> **What you should do**
In the records below, begin at the line containing "OEM High End" and end at the line containing "경기도 파주시 오두산"; quote every line in that span exactly, including both boundary lines, and no others.

> **Source material**
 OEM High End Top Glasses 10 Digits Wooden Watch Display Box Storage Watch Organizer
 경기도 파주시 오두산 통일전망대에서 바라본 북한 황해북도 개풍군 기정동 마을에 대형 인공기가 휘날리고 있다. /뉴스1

--

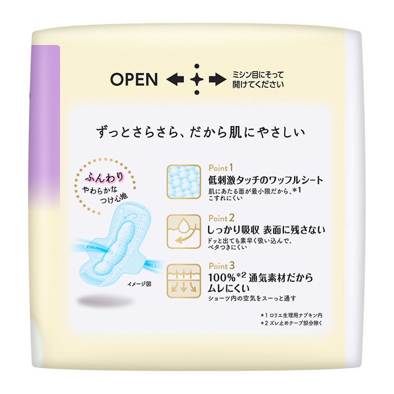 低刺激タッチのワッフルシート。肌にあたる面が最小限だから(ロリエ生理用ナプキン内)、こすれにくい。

> **Response below**
 OEM High End Top Glasses 10 Digits Wooden Watch Display Box Storage Watch Organizer
 경기도 파주시 오두산 통일전망대에서 바라본 북한 황해북도 개풍군 기정동 마을에 대형 인공기가 휘날리고 있다. /뉴스1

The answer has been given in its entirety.